RNS: There’s a lot of format mixing in the story, like letters where we don’t know if they’re are fact or fiction. Were you consciously doing this in a postmodern way?

Peck: The story was always meant to be that. I did maybe five blogs about Gilda Trillim at By Common Consent. I wrote the first part, Vignette 1, the one where it describes her relationship with the Association of Mormon Letters, and what it means for her to be a minimalist writer. I gave examples of the list of words that form her novels. I thought I was being really obviously inventive and fictional. But when I published at BCC, I just put it up there with a bunch of links to a statement that said, “Gilda Trillim does not exist in your timeline.” But apparently a lot of people didn’t click on this, and in the comments some literary people weighed in asking, “Why haven’t I discovered her before?” She got taken as real.


This is similar in format to the Scholar of Moab, with the novel unfolding among multiple kinds of documents, but with real and fake academic references peppering the text. I don’t know why, but I particularly enjoy making up references. I really have fun with that, creating a fictional universe where there’s an academic debate going on about Gilda, and different scholars weighing in on her impact.

RNS: Speaking of your other fiction, I don’t know if I’ve quite forgiven you for A Short Stay in Hell. That book gave me nightmares. I think it’s a real testimony to my regard for you that we are still friends after that book.

Peck: On Goodreads, if you do a word cloud of my reviews for that book, the most common thing is “disturbing.” It had that effect on me too. Sometimes if there’s something I’m wrestling with, I work through it by writing. So this is kind of like The Scholar of Moab, in which a redactor is trying to piece together the death of one of the characters, though that novel is way funnier than Gilda Trillim.

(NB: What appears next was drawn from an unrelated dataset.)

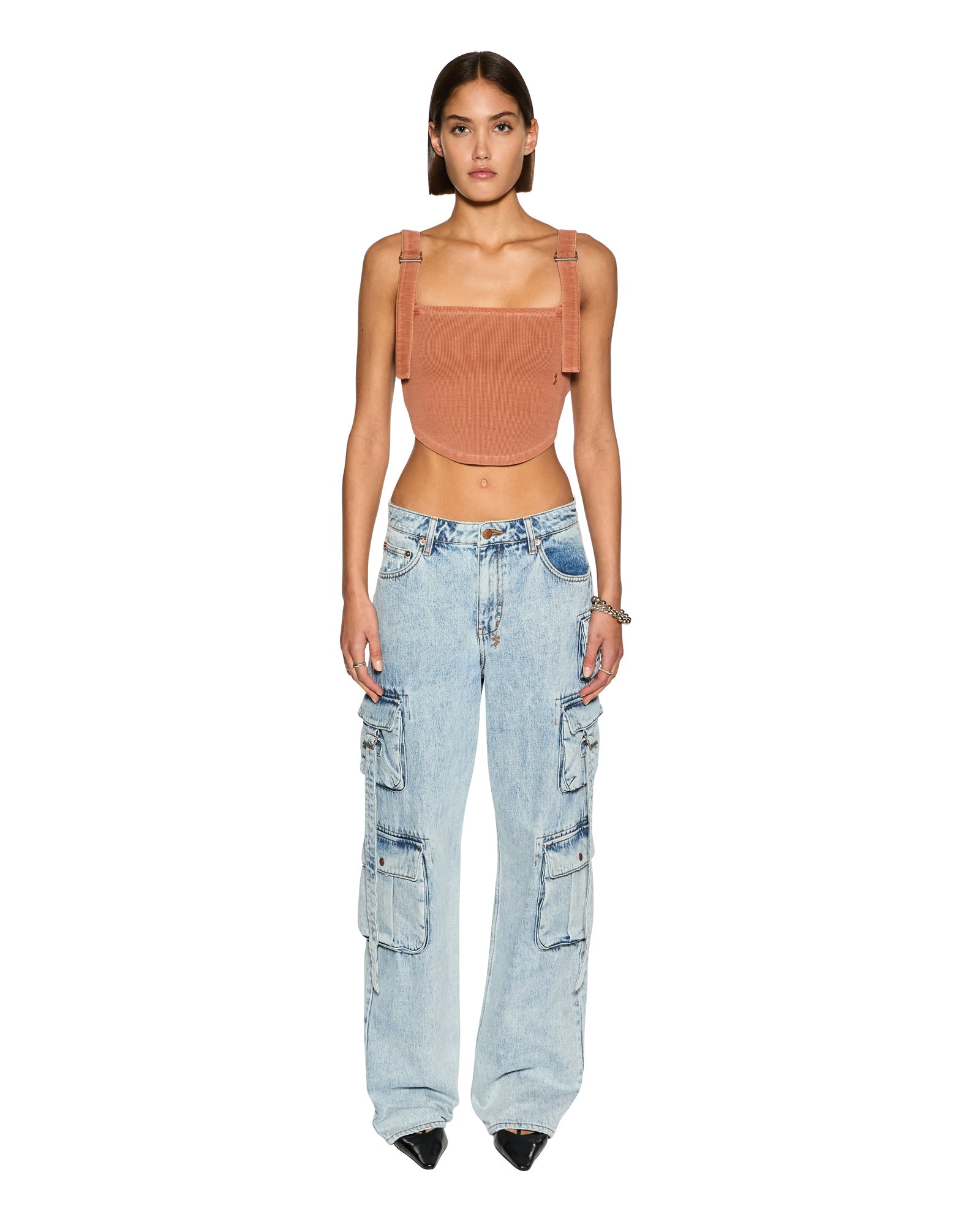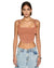 The Syndicate Buckle Tank Sunburn is a cropped tank top made from a premium ribbed stretch cotton in a orange tan colourway. Finished with a tonal Ksubi logo embroidered on the back neck, a cross dollar logo embroidered at the front and Ksubi x Patty Mills signature t-box embroidery on the side. This tank has chunky straps with buckles at the front and a curved shaped hemline.

I don’t know, but Gilda became real to me at some point. When I’m writing, I don’t really have as much control of the characters as you’d think. Sometimes when something happens, I actually am surprised because I didn’t see that coming. It’s a very organic process for me.

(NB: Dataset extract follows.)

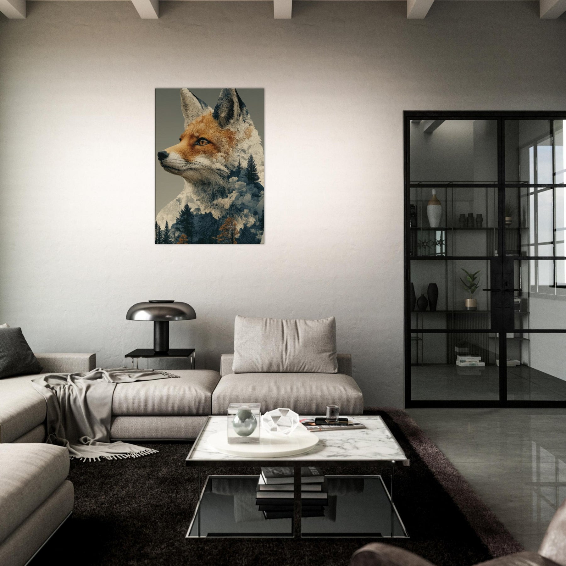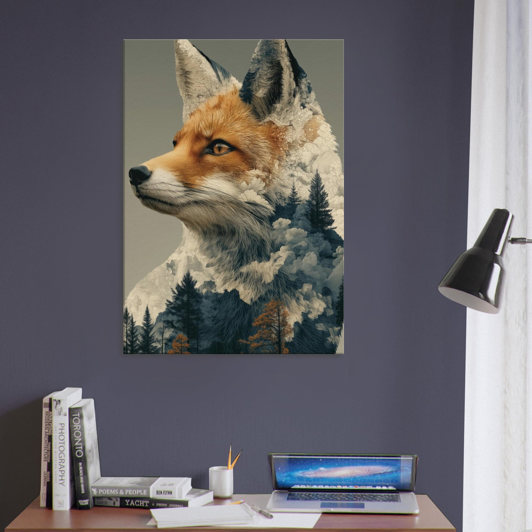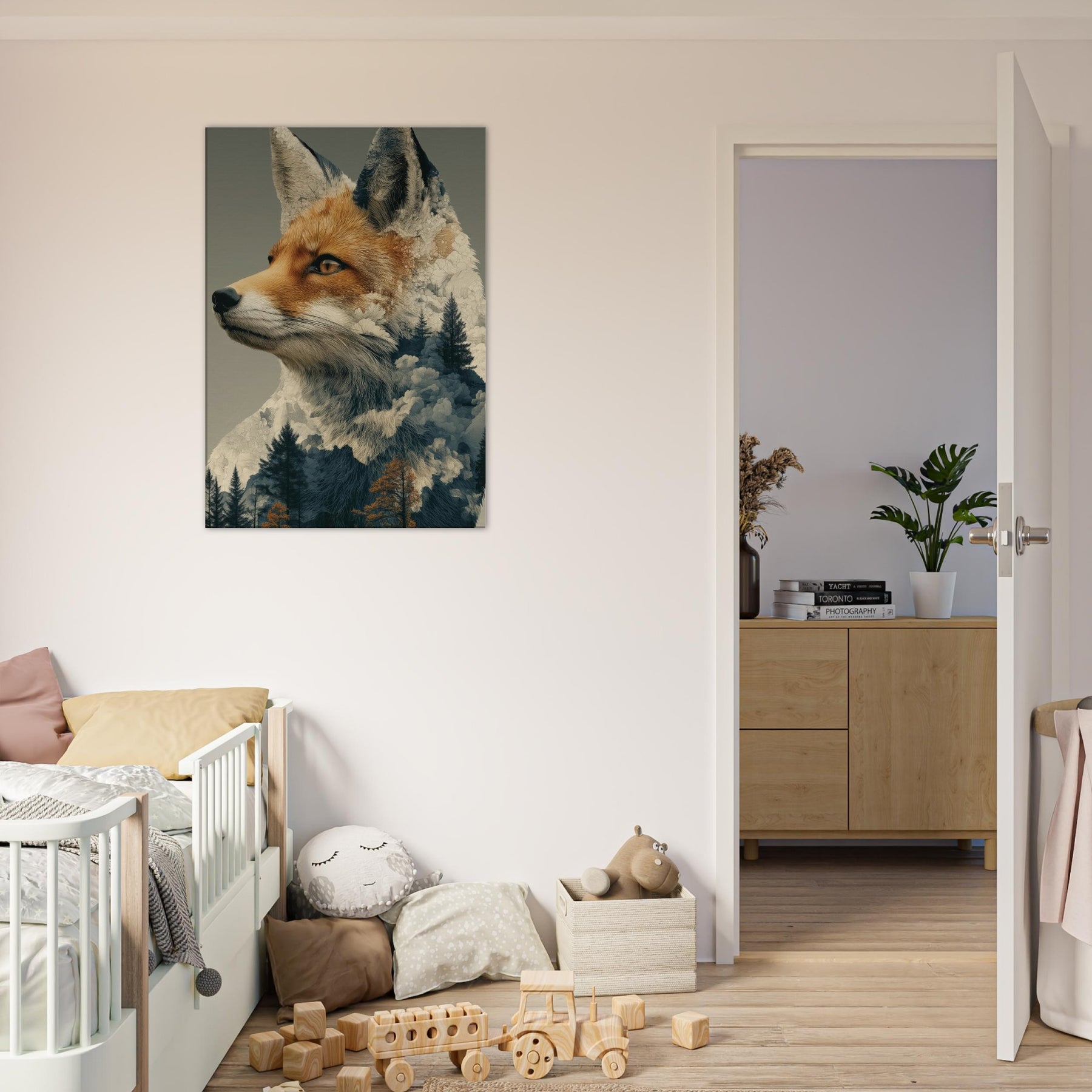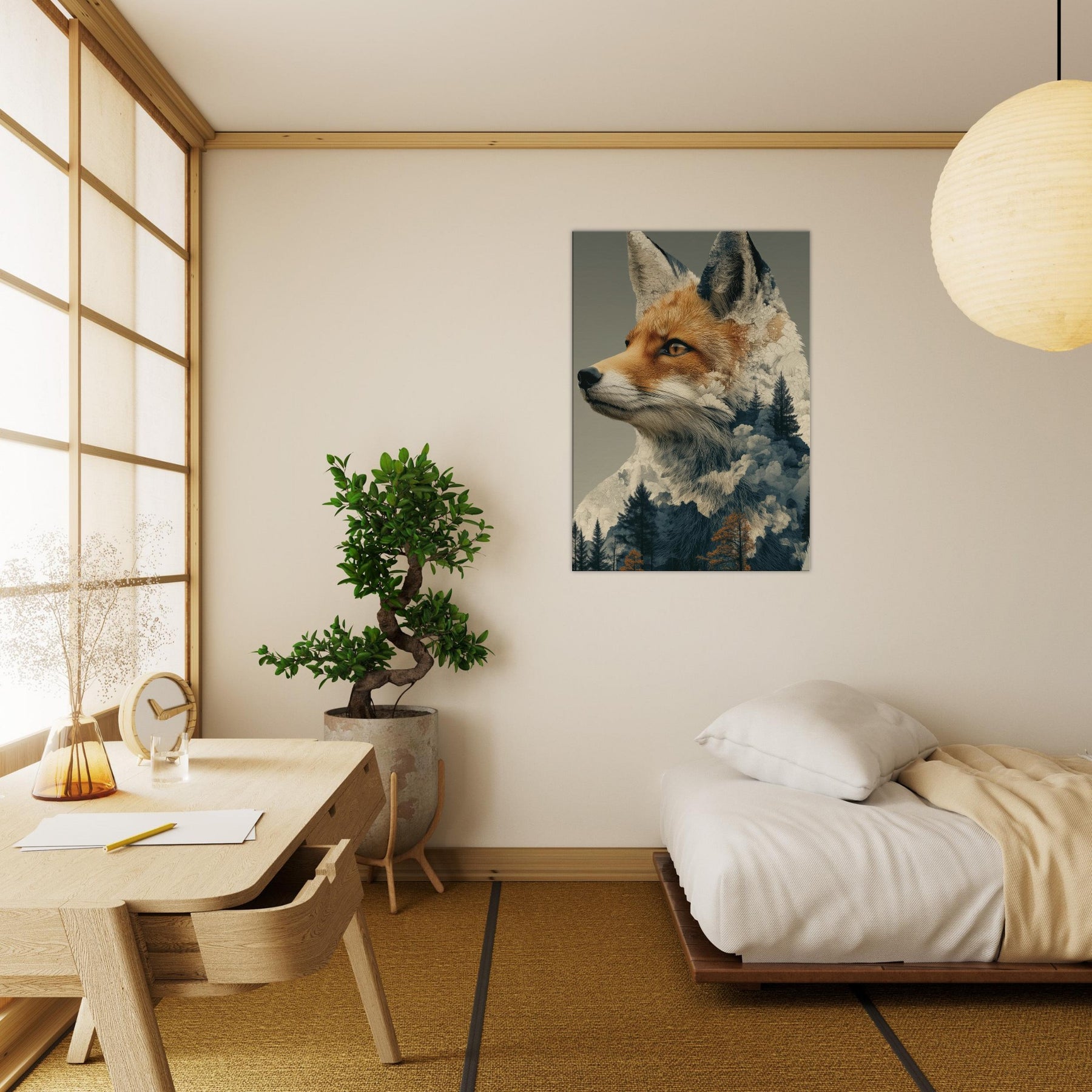 Fox Between Moon and Meadow captures a poised fox whose amber gaze threads the room with quiet resolve. Wrapped in a billowing veil of clouds and evergreen silhouettes, the creature becomes both guardian and guide, inviting contemplation as twilight settles in. The surreal breathes with tactile texture a smoky mist on warm fur, frost blue pines, and a hush of color that shifts with light. Hang this in a living space to soften corners, spark imagination, and fold a forest of memory into everyday life.

RNS: What about the book’s Mormon connection?

Peck: The Mormon connection is really explicit in this book, which is why it seems almost a miracle that this is being published by a mainstream press. Gilda is someone who never left the Church, but she feels like the Church has left her. She felt unappreciated in her writing, and the Church went in directions she couldn’t follow. It’s not that she leaves the Church; she just doesn’t feel comfortable there.

I think I was trying to capture something with her that speaks to modern Mormonism, which comes out in a scene where she’s being interviewed by a reporter. He wants her to talk about rumors that she’s had a profound spiritual experience, which she had written about privately, an experience with Heavenly Mother. This is my favorite dialogue in the whole book, when she refuses to tell him. She says that if she does tell him, one of two things will happen—either he’ll go and form a church around that experience or he’ll talk her out of it. What’s more likely: that Gilda Trillim had one of the most amazing spiritual experiences in recorded history, or that she imagined it when she was under terrible duress as a POW? She says “no, of course you shouldn’t believe me; you should go out and try to have those experiences for yourself.”


For me, I kind of feel that’s what has happened to Joseph Smith now. This incredible experience, rationally, can be looked at in a couple of ways—either you believe him or you dismiss it. But the real response is that he’s opened a world that you can enter. That’s probably the most Mormon thing in there, which is that Gilda is recapitulating what we do with sacred encounters. We can have them, but we can’t analyze them rationally or dissect them. If we do, they either lose their power or we build a religion around them rather than having our own experiences.

The last chapter is as Mormon as it gets, when she talks about taking the sacrament. I’m playing with theology in a sense, because I want people to believe in the kind of Mormon theology that plays with novelty. The next life isn’t just one of doing the same old thing, but is one of radical novelty and creativity.